**INPUT DATA:**
--- START ---

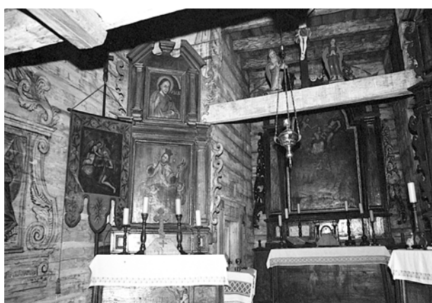
Fig. 4. Church interior from Rosolin. Transferred to Sanok Open Air Museum.
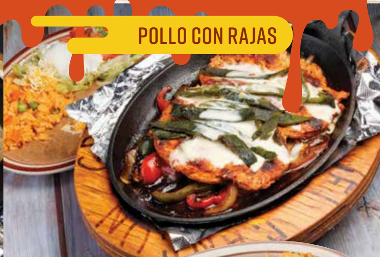
POLLO CON RAJAS
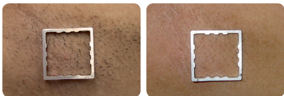
Hair removal in dark skin - Before and after 5 treatments
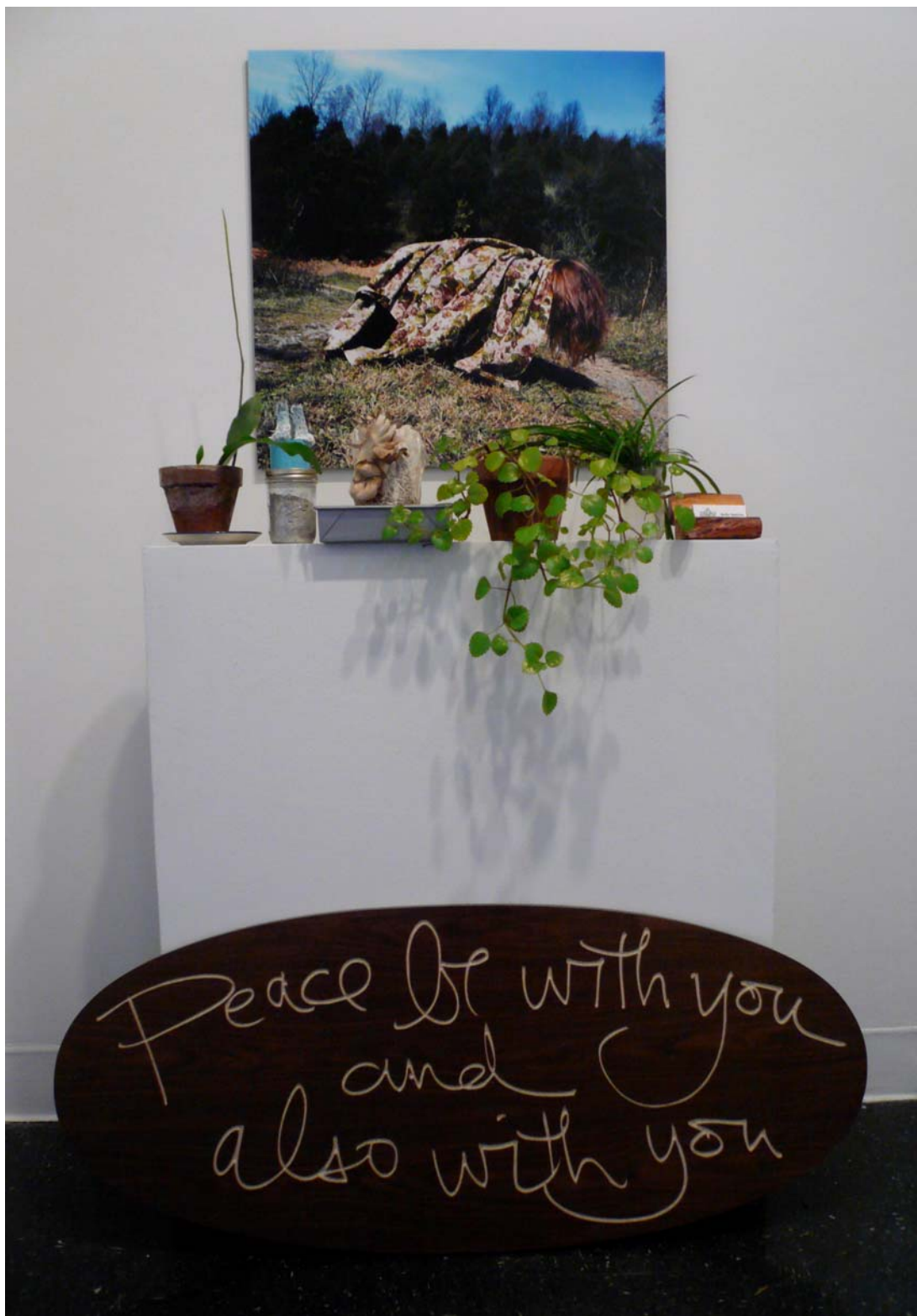
peace be with you

--- END ---

**DIRECTIONS FOR THIS TASK:** Transcribe all the lines above exactly, apart from the pictures.

**ANSWER BOX:**
Fig. 4. Church interior from Rosolin. Transferred to Sanok Open Air Museum.
POLLO CON RAJAS
Hair removal in dark skin - Before and after 5 treatments
peace be with you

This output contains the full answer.